Myanmar coup alarms Singapore minister

SINGAPORE, 18 February 2021: Singapore’s foreign minister described Myanmar’s military coup as “alarming developments”, Reuters reported on Tuesday, but said he did not support widespread sanctions as they could hurt ordinary citizens.

In an address to parliament, Foreign Minister Vivian Balakrishnan said he hoped detainees including ousted leader Aung San Suu Kyi and President Win Myint could be released so they can negotiate with the ruling military council, which seized power 1 February.

Myanmar’s military stand guard at a checkpoint manned with an armored vehicle in a road leading to the parliament building Tuesday, Feb. 2, 2021, in Naypyitaw, Myanmar. Hundreds of members of Myanmar’s Parliament remained confined inside their government housing in the country’s capital on Tuesday, a day after the military staged a coup and detained senior politicians including Nobel laureate and de facto leader Aung San Suu Kyi. (AP Photo)

Balakrishnan said Singapore was concerned about violent clashes at protests, the arrests of civil servants, internet blackouts and troop deployments and armoured vehicles in city streets.

“We hope they will take urgent steps to de-escalate the situation. There should be no violence against unarmed civilians. And we hope that there will be a peaceful resolution.”

Imposing broad sanctions against Myanmar would hurt its population, where poverty was rife, Balakrishnan said, adding he had conveyed this point in discussions with Western counterparts, including Germany.

Balakrishnan noted that Suu Kyi’s party had achieved a landslide victory in the November 2020 election and the coup was “a major setback” for Myanmar’s economy, adding Singaporean businesses might reassess their risk profiles and exposure to the country, Reuters reported.

Singapore has been the largest source of foreign investment into Myanmar in recent years, according to reports by both governments.
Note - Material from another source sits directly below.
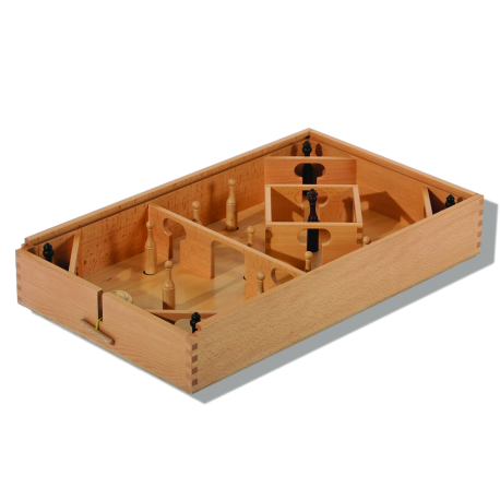 DES 4 ANS Une valise en bois avec couvercle, 2 toupies avec ficelle, 1 roi rouge, 4 chevaliers bruns, 8 archers, 1 notice |

Some firms in the city-state have been targeted by activists for their links to military companies the Reuters report suggested without providing further details.

Enterprise Singapore, a government agency, posts a background story on its Media Centre headlined ” Singapore the largest investor in Myanmar” first published by The Edge in 2019.

The report quotes Enterprise SG saying Myanmar remains a viable investment location for Singapore companies in agriculture and aquaculture, infrastructure — especially in utilities, power and urban development — as well as the manufacturing and consumer sectors. The education sector, covering preschool to higher education, was also identified along with opportunities for Singapore’s energy companies to participate in Myanmar’s power projects.

Singapore was identified in 2019 as Myanmar’s largest investor, outstripping even China. Myanmar is part of the ambitious Belt and Road Initiative; there are some 40 projects under the China-Myanmar Economic Corridor initiative, including infrastructure, agriculture and technology.

Enterprise SG said it saw a keen interest in Myanmar from Singapore companies despite the “diverse ethnicities, religions and political parties”. But back in February 2019, it also warned companies to keep a close eye on the upcoming 2020 elections.

From October 2018 to February 2019, Singapore had the highest FDI into Myanmar at USD20.6 billion, accounting for 26% of the total foreign investment. In 2017, the bulk of Singapore’s investment in Myanmar was in the information and communications sector (73%), followed by manufacturing (14%) and real estate (4.6%). Notable investments include Sembcorp industries’ USD310 million power plant in Myingyan.

Earlier in the week, an AFP report identified tourism as one of the sectors that had links to Myanmar’s military leaders. Apart from real estate investment that may include hotel projects, tourism, and hospitality, it remains a secondary investment opportunity for foreign companies when compared to oil, mining and the gems trade.  

A Justice for Myanmar investigation earlier this week identified around 113 companies directly linked to eight military leaders and their families, but only a handful of businesses fell into the tourism and hospitality categories. They included two golf courses, two categorised as hotels and a small travel agency Myawaddy Travel & Tours allegedly linked to the military’s MEHL group. But that list does not include a variety of companies with links to tourism and aviation that gave donations to the military’s commercial entities according to a UN Human Rights report published in 2019 with subsequent updates.